By Craig Garcia - On June 13th NASA will launch a brand new space telescope into space and also begin a new era in black hole hunting. The NuSTAR spacecraft (Nuclear Spectroscopic Telescope Array) will launch from within a Pegasus XL rocket, which will in turn be carried by a L-1011 Stargazer airplane.
This bad ass telescope isn't your typical optical array, in fact it doesn't see the universe the way you or I may see it... this telescope has X-ray eyes, more specifically Wolter-I optic units.

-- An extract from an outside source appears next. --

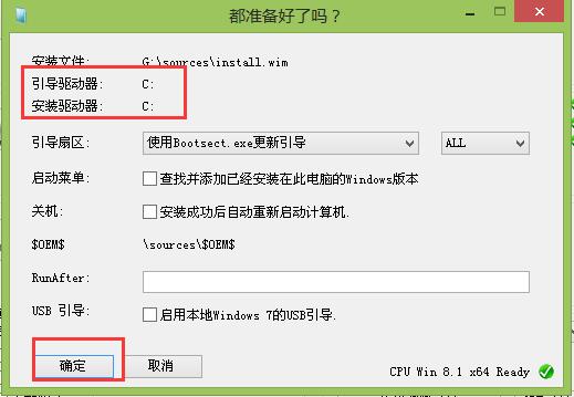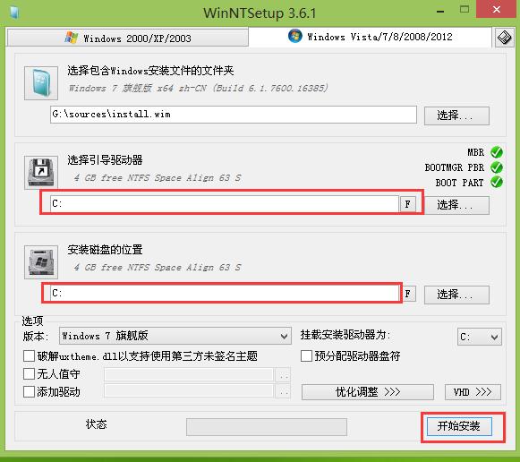 6、接着引导驱动器和安装磁盘的位置都选择为c盘,点击“开始安装”,如下图所示:
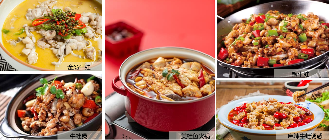近几年牛蛙餐饮消费火爆,以牛蛙为主题的餐饮形成了一股风潮。牛蛙肉是一种高蛋白、低脂肪、低胆固醇的健康食品,营养丰富,味道鲜美。在全国很多商场都能见到牛蛙主题餐厅,并且很多热门主题餐厅经常需要排长队等候才能享用到美味的蛙肉。

Each of these 'eyes' are made of 133 concentric mirrors shaped from flexible glass, similar to that found in laptop computers, and like human eyes need to be distanced from one another since x-ray telescopes require long focal lengths and NuSTAR achieves this with a 10 meter mast between the units.

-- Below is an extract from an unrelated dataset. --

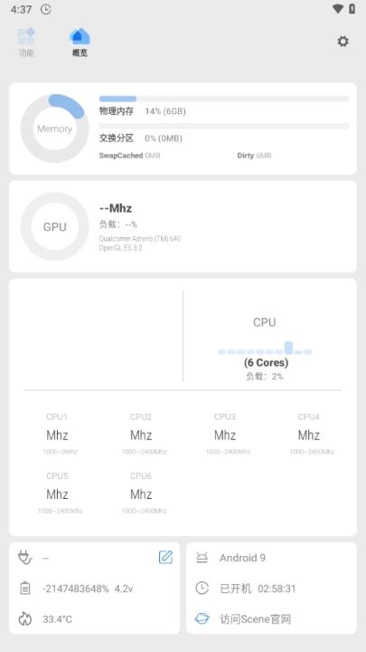 这部分工作差不多占了Scene5首个公测版一半的开发时长。最明显的变化是,新增了基础模式与ADB模式,就算是没有ROOT权限的用户,如今也能使用一些实用的小功能,像帧率统计、进程管理、应用管理以及性能监视器。另外,采用全新底层架构的Scene5,在运行时不会再频繁弹出已获取Root权限的提示了。

At approximately the size of a school bus the NuSTAR will be used to view high energy light from extreme locations such as black holes, supernova explosions, particle jets and dead star remnants. “NuSTAR will provide an unprecedented capability to discover and study
some of the most exotic objects in the universe, from the corpses of
exploded stars in the Milky Way to supermassive black holes residing in
the hearts of distant galaxies,” said Lou Kaluzienski, from NASA Headquarters in Washington.